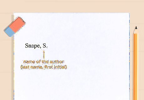 Start your entry with the name of the author. Type the author's surname first, followed by a comma. Then, type their first initial. Place a period (full stop) after the author's initial. Example: Snape, S.
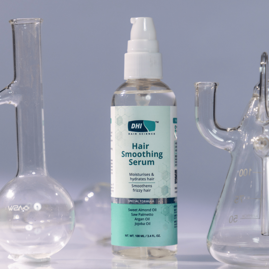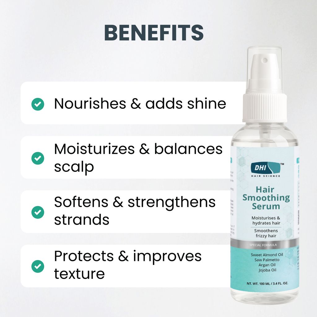 DHI Smoothing Hair Serum For Dry & Frizzy Hair | Moisturises & Hydrates Hair | Smoothness Hair Texture | Enriched with Sweet Almond Oil, Saw Palmetto, Argan Oil & Jojoba Oil | Antioxidant Properties | For Men & Women | Sulphate & Paraben Free | 100 ml
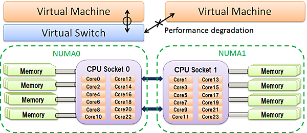 例えば、使用するハードウェアが複数のCPUとメモリを一つのシステムに乗せたNUMA(Non-Unified Memory Access)アーキテクチャとなっている場合、仮想マシンが動作するCPUソケットと、仮想スイッチなどのネットワークバックエンドの動作するCPUソケットが別であると、同じソケット上に片寄せした場合と比べて性能が下がってしまいます。これはCPUコアがメインメモリにアクセスする際、遠いメモリの方が近いメモリよりアクセスコストが高いことが原因です。
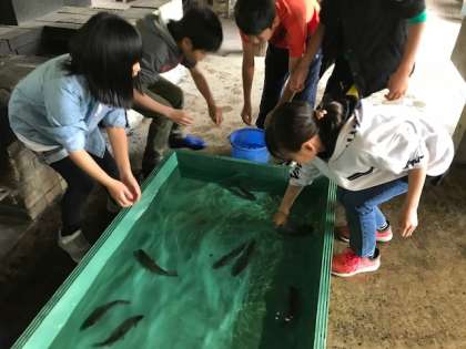 一瞬でつかみ終わる子もいれば魚が苦手でなかなかつかめない子も…
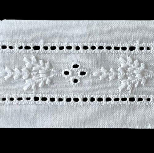 1 1/8" wide white eyelet lace trim with a center row of embroidered sprigs and dots flanked by two narrow rows of faggoting. Raw edges. 100% cotton. Made in Switzerland.
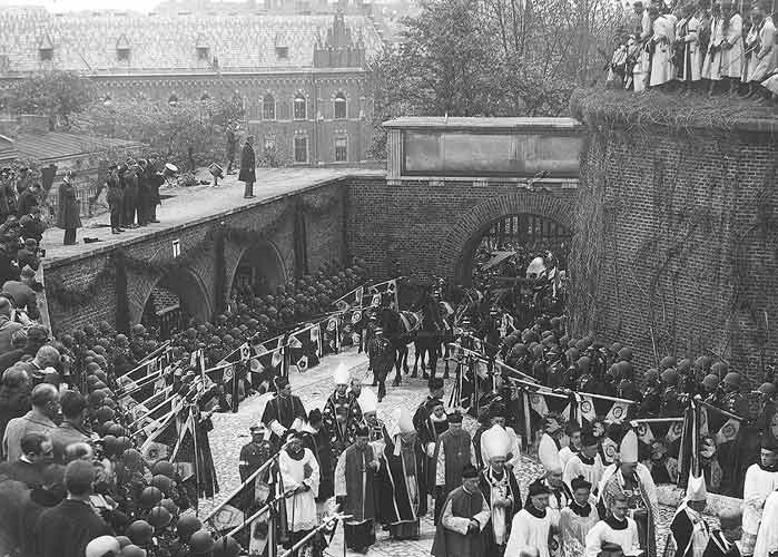 Die Piłsudski-Begräbnisfeierlichkeiten in Krakau: Der Trauzug vor der Wawelkathedrale (18.V.1935). Quelle: Bildarchiv des Zentralen Heeresarchivs (CAW) Warschau.
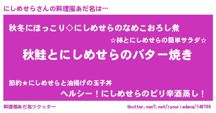 | 意味不明あだ名 | 『永久保存にしめせら』『自称にしめせら』 |
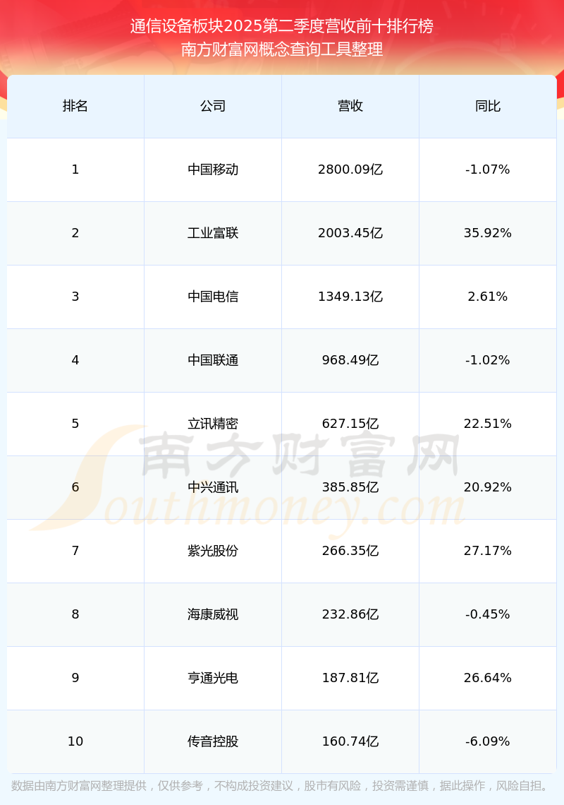 按照南方財(cái)富網(wǎng)概念查詢工具統(tǒng)計(jì),該股所屬板塊為通信設(shè)備板塊,該板塊共有163只股票,長(zhǎng)飛光纖2025第二季度營(yíng)收在該板塊中排名為第23名,該板塊2025第二季度營(yíng)收排名前十的股票如下表:
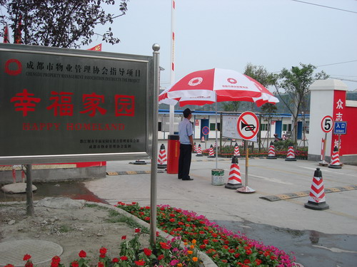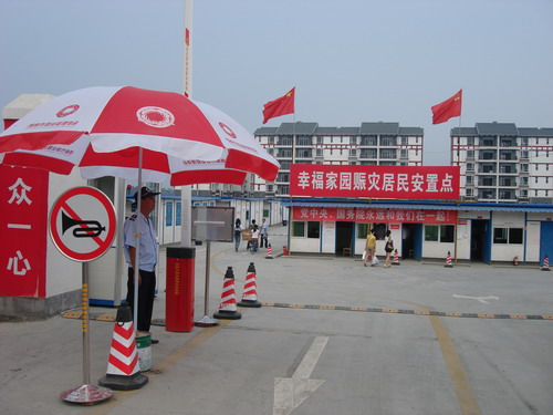 “我们这儿跟城头的小区一样,也有专业化的物业服务了。”都江堰幸福家园活动板房安置点居民李建明满脸笑容地说。7月11日,笔者来到都江堰幸福家园,门卫标准地敬礼之后,自动化的车栏杆缓缓放行。放眼大门口,摆满鲜花的道路旁边“单行道”、“禁止鸣笛”、“左转弯、右转弯”等字样交通指引牌整齐地树立,小区总平面图赫然呈现各幢房屋和公共配套设施的方位,小区便民服务广告也被集中在商业信息栏目。“想不到这里还能享受到专业化的物业服务!”随行的同事满脸疑惑。
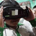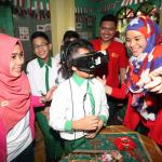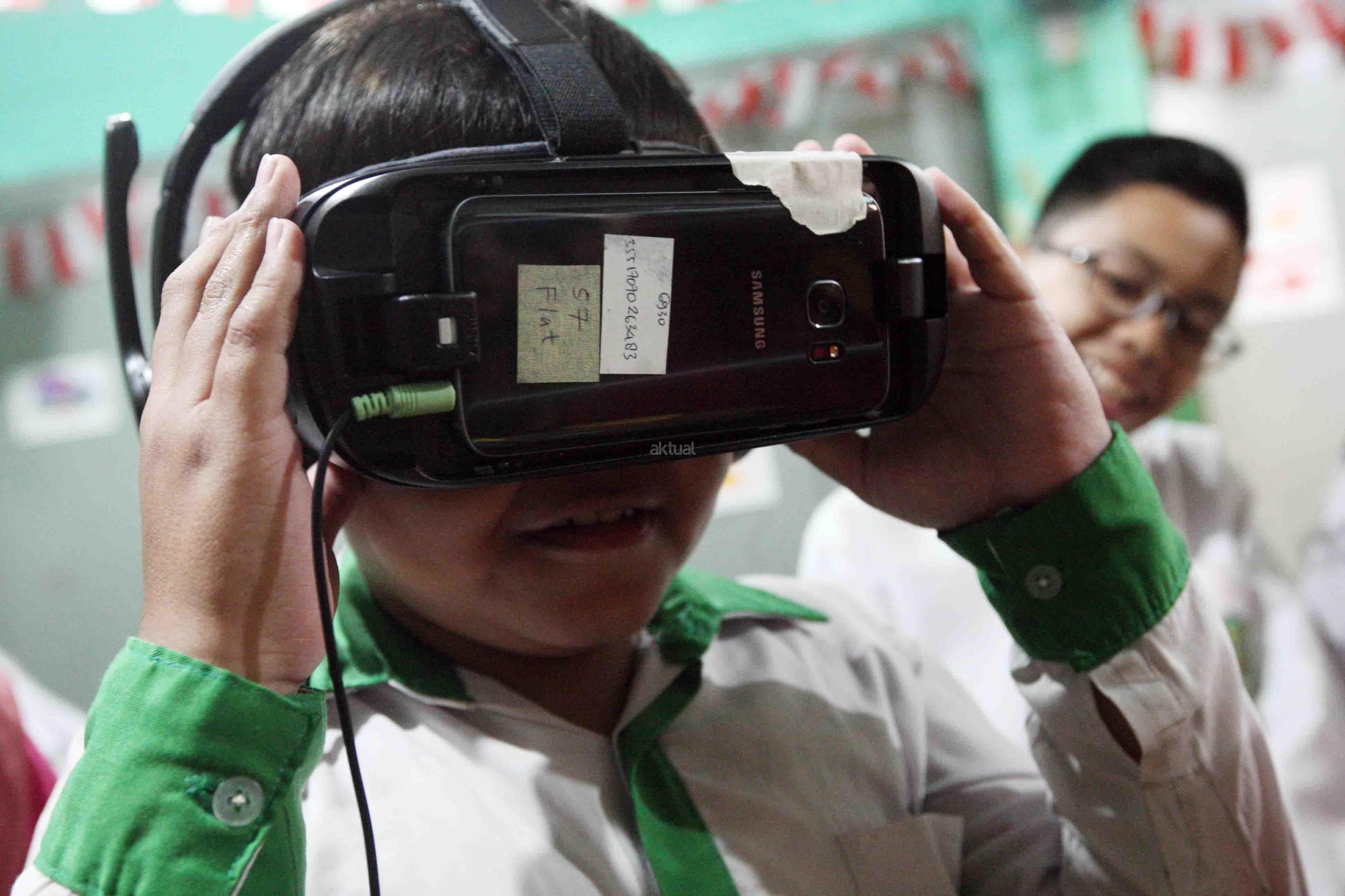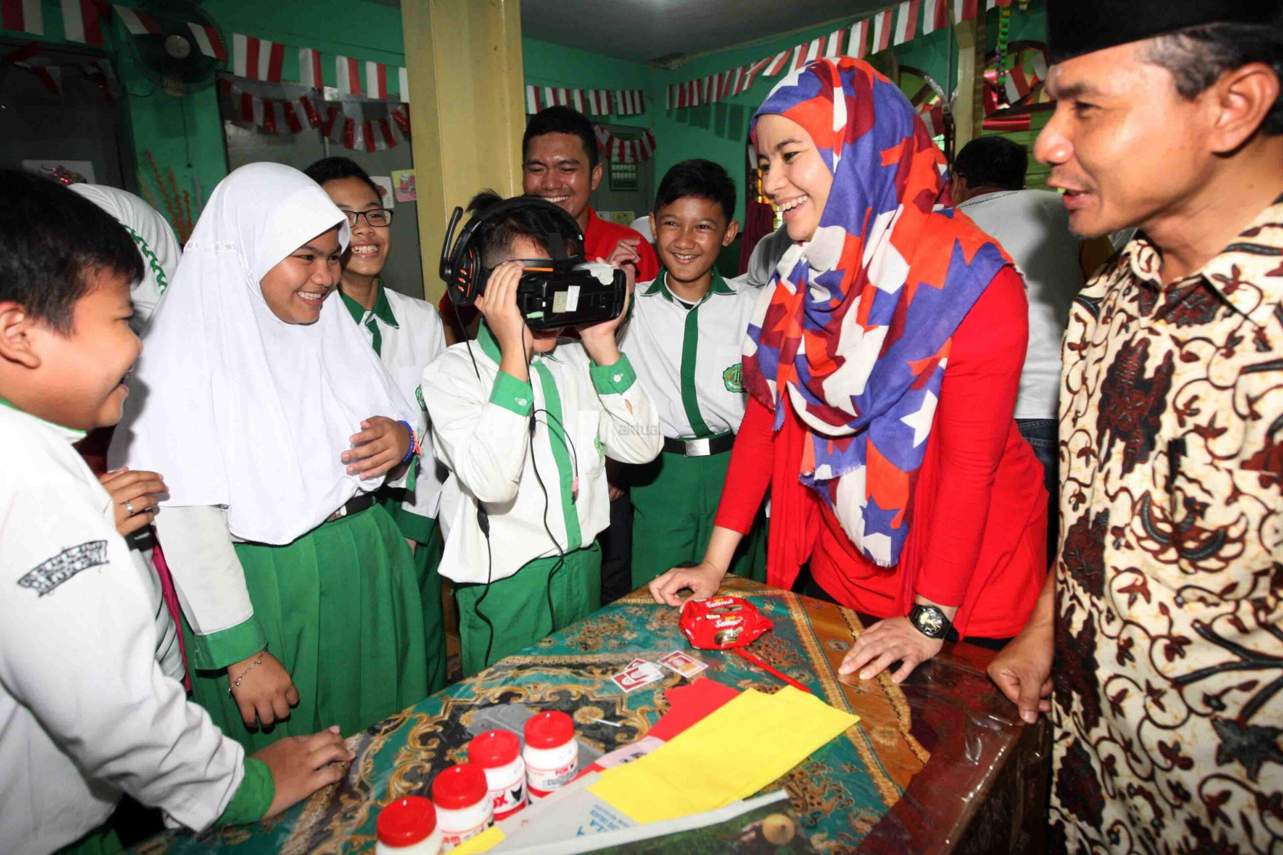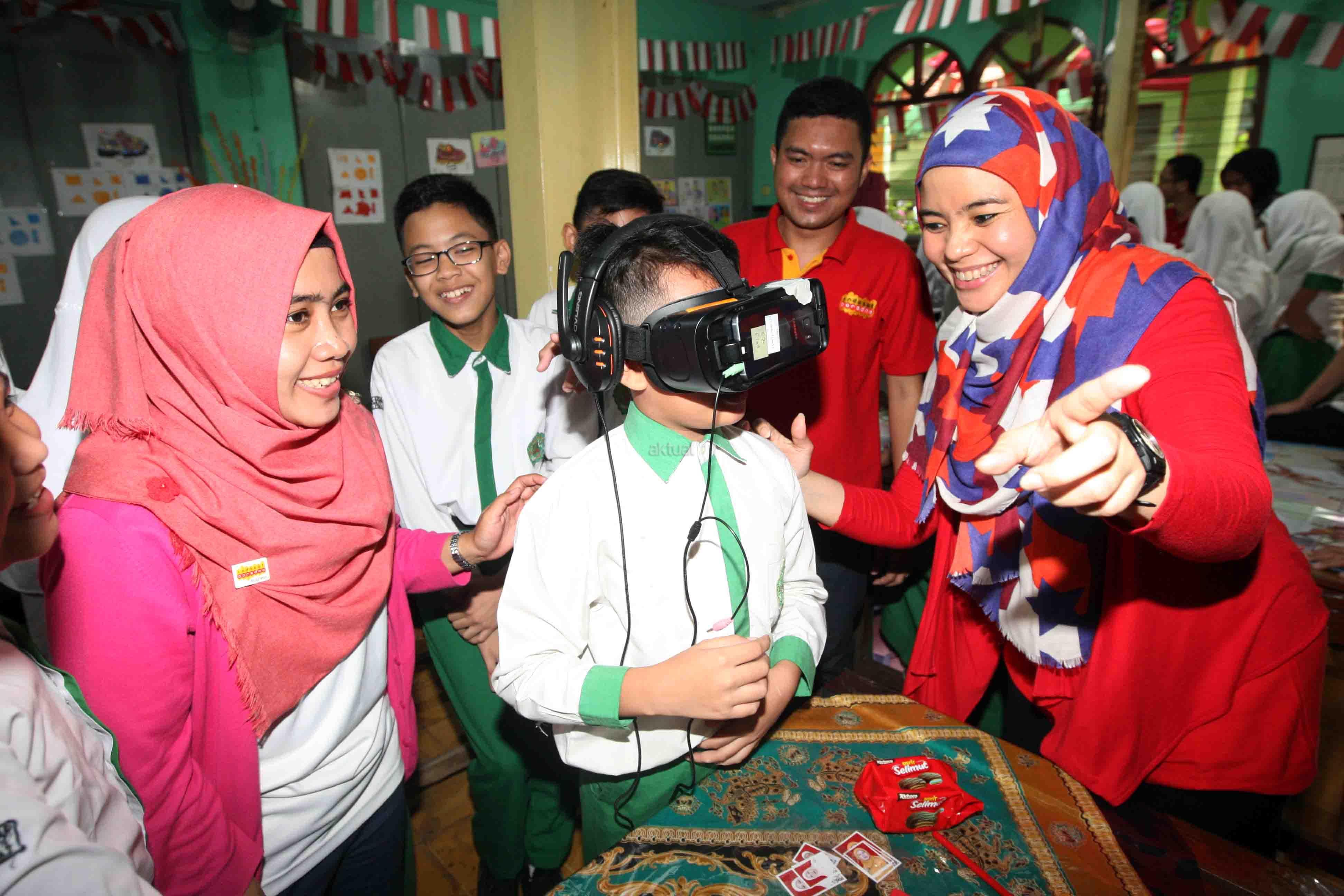 Group Head Corporate Communications Indosat Ooredoo Deva Rachman (kanan) didampingi Kepala Sekolah SD Islam Al-Badar Abdul Rojak (kanan) melihat seorang siswa memainkan game virtual di Sekolah Dasar Islam Al-Bandar, Jakarta, Kamis (22/12/2016). Indosat melalui program charity-nya bekerja sama dengan Lembaga Kemanusiaan Nasional PKPU membuat sebuah program yang berisi rangkaian kegiatan di sekolah. Rangkaian kegiatan meliputi dua kegiatan utama, yaitu benah fisik sekolah dan kelas inspirasi. AKTUAL/Eko S Hilman

# # # # # # #

WHAT TO WORK ON: A word-for-word copy is needed of the lines from the line holding "Made in Switzerland." through the end of the records, both included, excluding every picture.

REPLY:
 1 1/8" wide white eyelet lace trim with a center row of embroidered sprigs and dots flanked by two narrow rows of faggoting. Raw edges. 100% cotton. Made in Switzerland.
 Die Piłsudski-Begräbnisfeierlichkeiten in Krakau: Der Trauzug vor der Wawelkathedrale (18.V.1935). Quelle: Bildarchiv des Zentralen Heeresarchivs (CAW) Warschau.
 | 意味不明あだ名 | 『永久保存にしめせら』『自称にしめせら』 |
 按照南方財(cái)富網(wǎng)概念查詢工具統(tǒng)計(jì),該股所屬板塊為通信設(shè)備板塊,該板塊共有163只股票,長(zhǎng)飛光纖2025第二季度營(yíng)收在該板塊中排名為第23名,該板塊2025第二季度營(yíng)收排名前十的股票如下表:
 “我们这儿跟城头的小区一样,也有专业化的物业服务了。”都江堰幸福家园活动板房安置点居民李建明满脸笑容地说。7月11日,笔者来到都江堰幸福家园,门卫标准地敬礼之后,自动化的车栏杆缓缓放行。放眼大门口,摆满鲜花的道路旁边“单行道”、“禁止鸣笛”、“左转弯、右转弯”等字样交通指引牌整齐地树立,小区总平面图赫然呈现各幢房屋和公共配套设施的方位,小区便民服务广告也被集中在商业信息栏目。“想不到这里还能享受到专业化的物业服务!”随行的同事满脸疑惑。
 Group Head Corporate Communications Indosat Ooredoo Deva Rachman (kanan) didampingi Kepala Sekolah SD Islam Al-Badar Abdul Rojak (kanan) melihat seorang siswa memainkan game virtual di Sekolah Dasar Islam Al-Bandar, Jakarta, Kamis (22/12/2016). Indosat melalui program charity-nya bekerja sama dengan Lembaga Kemanusiaan Nasional PKPU membuat sebuah program yang berisi rangkaian kegiatan di sekolah. Rangkaian kegiatan meliputi dua kegiatan utama, yaitu benah fisik sekolah dan kelas inspirasi. AKTUAL/Eko S Hilman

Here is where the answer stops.